IAM SO UPSET! my throat had been clicking non stop for 13 days straight.. one hour before my dr appt. it stopped clicking.. so the dr looked at me like i was crazy. he said nothing was wrong with me and sent me on my marry way. the next day it was click, swallow, click......GRRRRRR! Sorry! i just need to vent... please someone help me if you have answers
I have no eating issues. My voice gets rough often. Good luck with that appt. Keep us posted and get well soon.
Haha. Thats ok! We all have moments like that... I'm glad your feeling better today. Today has been hard for me because I'm scared of hearing something bad at the ENT tomorrow.. ill keep you updated on what he says....i feel like puling my hair because i can't take it anymore. How is your eating? does it click when you eat?
One of my major obsessions right now is exercise. If I run smoothly it doesn't click. If I land hard, I can feel/hear the click. It really doesn't bother me at all. Do you know what causes that? I suppose I can google it.
I apologize for the whinny post last night. I had a few beers to ease my mood and really started feeling sorry for myself.
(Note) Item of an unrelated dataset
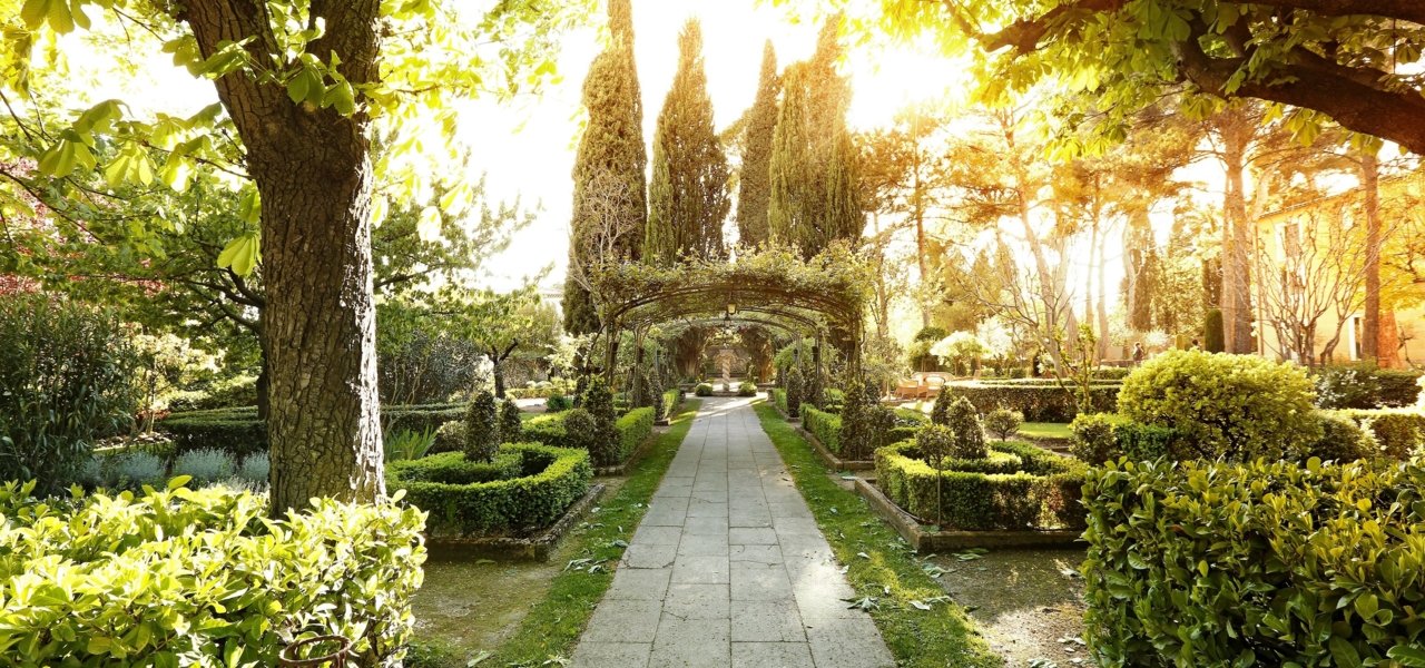 In winter, the restaurant rooms are spacious and bright with a unique view on the extraordinary garden. With warm weather, service takes place on the terrace overlooking the gardens, in the shade of the century-old chestnut and pine trees.
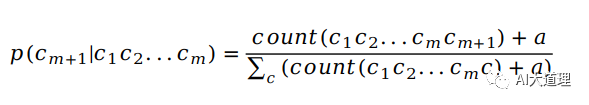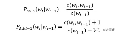 思想:将每个计数加一,从而使得任何词序列都有计数,这样的话就可以把本来概率为0结果变为一个很小的值。为了保证所有实例的概率总和为1,将分母增加实例的种类数;即:

I completely understand. I have days were im fine and days i feel i can't take it much longer....i tell my husband the same thing. I just wish someone can tell me if there's ever went away. So how did your
Clicking start? ...
Thanks for asking mariana3526. Unfortunately I'm really struggling with the depression and major obsession still. Every few days I convince myself I'm doing better, but then I have a day like today and I know I have a ways to go. I'm 9 weeks into this relapse. I wish I could remember how long it took for my last recovery but this one feels like it's here to stay. I told my wonderful wife 30 minutes ago that she should seriously think about if she wants to be with me for the next 40 years. She broke down and cried. I'm a jerk and I can't deal with it. She is the envy of all of my friends and could find a guy in 5 minutes. I can only hope this is temporary like last time. I'm about to throw away everything I ever worked for. I sincerely hope you are doing great. Good luck!